The universal beggary of today’s almajiri is an abuse of its original concept. I visited Kaduna a few years ago and studied the system and even spoke with then governor, Namadi Sambo. It was clear he was thinking a policy of gradually getting the boys of the street, and his predecessor also had begun a programme that his wife pursued as an NGO after they left office. I visited one of the schools in Kaduna devoted to some of the boys. It was a full boarding school with laboratories, libraries, etc. Some of the students told me they dreamed of the professions. Pilot, teacher, engineer, etc.

The modest gains then had started attracting some almajiri from outside Kaduna.

It is therefore fraudulent to say that the policy of al majiri does not need expunging. What El-Rufai needs is a strategy of containment and elimination. I also observed that a northern state alone cannot deal with the issue. It is not a Kaduna problem. It is a northern problem rooted in its feudal history. First politicians, then Boko Haram recruited them.

As El-Rufai has noted, they are bomb couriers. Calling them suicide bombers is to incriminate them. They did not know the evil they committed.
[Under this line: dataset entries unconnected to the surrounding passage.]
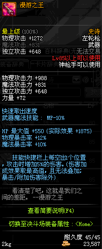 | 85 | 漫游之王 | *Lv84~91深渊地下城怪物掉落 *攻坚队完成安徒恩团队模式的[消灭安徒恩]任务时,获得的奖励。 |
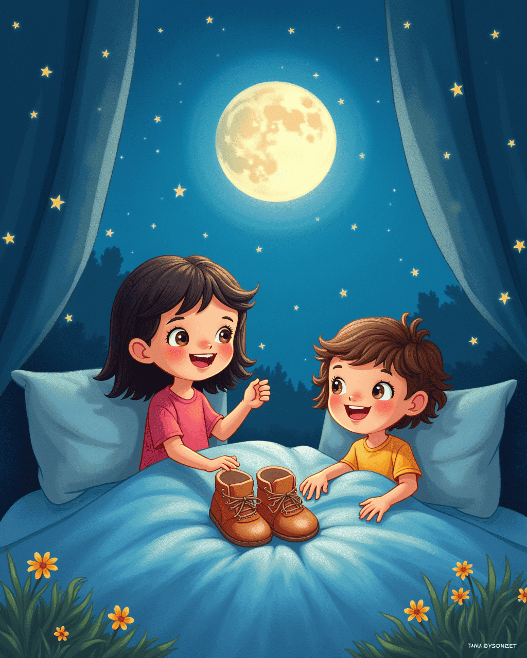 Night fell over Willowbrook, and the shoes whispered to Lily, "Tomorrow, we’ll go to the next town, and the jokes will keep spreading happiness." Lily smiled and tucked the shoes into her bed, knowing tomorrow held new adventures. The shoes twitched their soles, ready to step into a new day full of giggles.
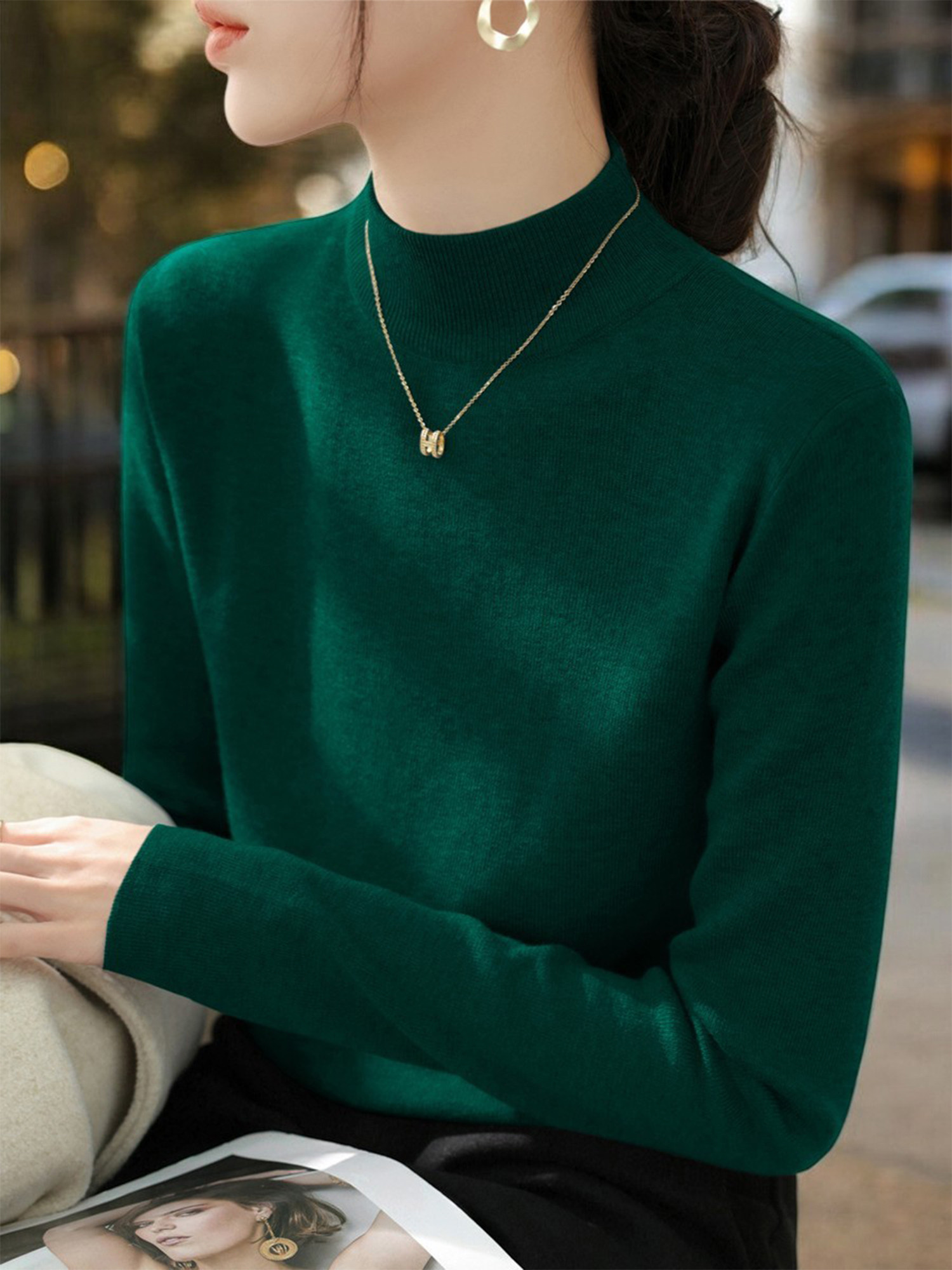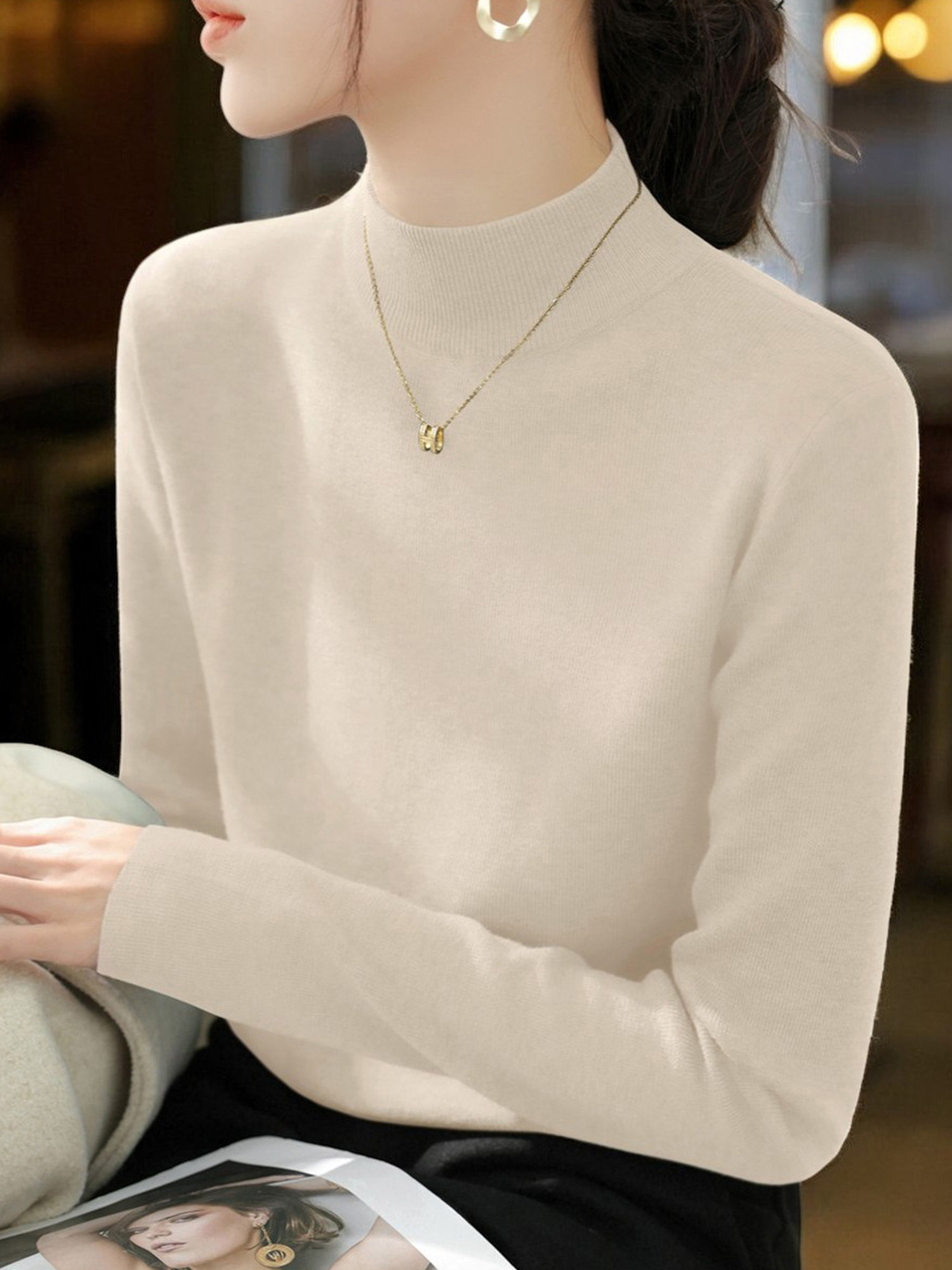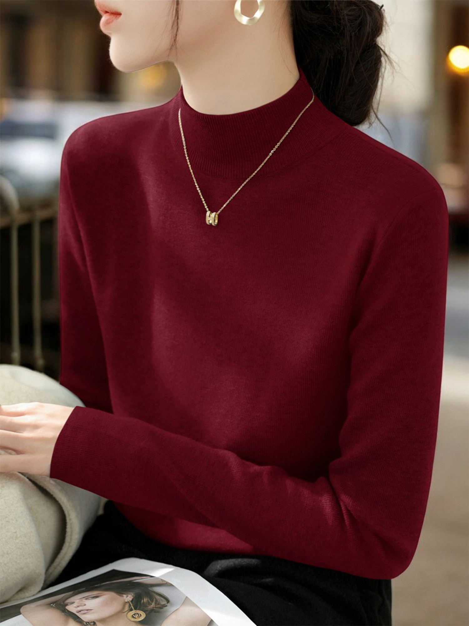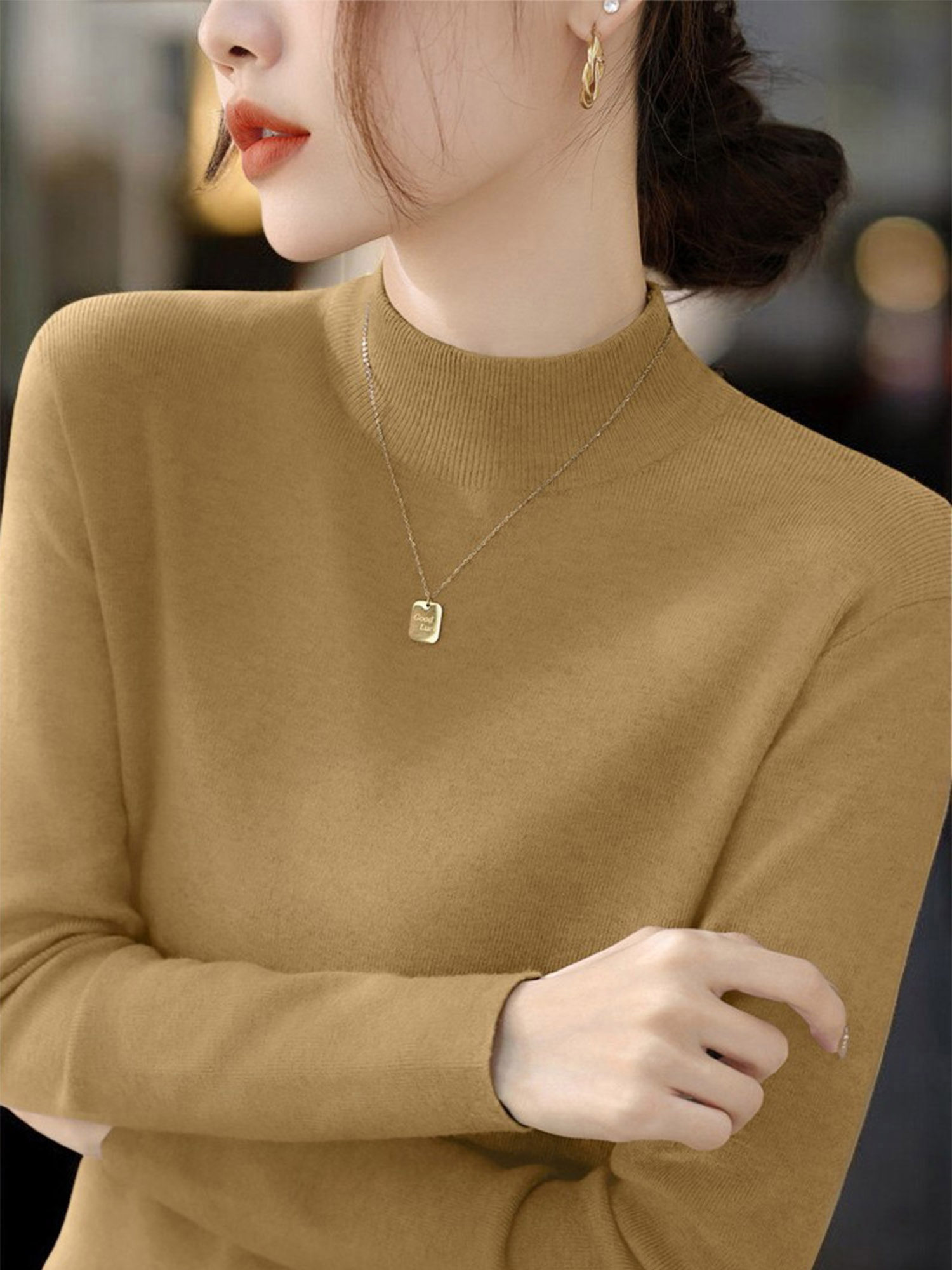 Basic House/百家好半高領針織打底衫女士秋季格雷系內搭灰色毛衣

The children would rather be an El-Rufai or Shehu Sani than a Jugunu who leads the colony of beggars. That was the shortcoming of Aminata Sow Fall’s novel, The Beggars Strike. It does not interrogate the morality of the priests and almsgivers. If we want to give alms today, we don’t need the almajiri on the street to sate our spiritual cravings. What are the babies’ homes for, the house of the blind, deaf, disabled? What of the scholarships that we need to give to many indigent ones in our midst, and the hospital patients, etc. Such giving ennobles. To give to the al majiri is to stunt their dignity. Soyinka’s Opera Wonyosi shows no sympathy for the head of the colony, and his play looks at both the street and executive beggary. Also, John Jay’s Beggar’s Opera and Brecht’s Three Penny Opera excoriate a capitalism that enriches a few and exploits the poor.

It is the hypocrisy of the wallet against the bowl. The rich and mighty endorse begging out of naivety. The western society found a solution by creating the welfare state, especially in the aftermath of the Second World War when more than half of Europe was flirting with communism. The Marshall Plan created a first crutch, and a well-organised system to cushion the weak followed.

In 16th century, Holland broke out of the hold of Spain when the leaders, including William of Orange, gave their party the symbol of the wallet and the bowl. They had written a petition and a senior Spanish officer said to the woman representing Phillip 11: “Fear not madam, they are nothing but beggars.” The so-called beggars overthrew Spain and reclaimed their country. In the novel, The Hunchback of Notre Dame, Victor Hugo writes an evocative chapter of the revolt of the vagabonds, including beggars and the lame to mock an insensitive society. We have to save and integrate them before they rise. That is when revolutions are sudden. Even if they fail, they carry cargoes of blood and death and years of pain.

So to effect change, it has to be gradual, not the sort of wholesale style of El-Rufai. Yet he needs our sympathy for confronting a great wrong to a generation and a scar on our conscience. The whole North should approach it in concert and as a conscience.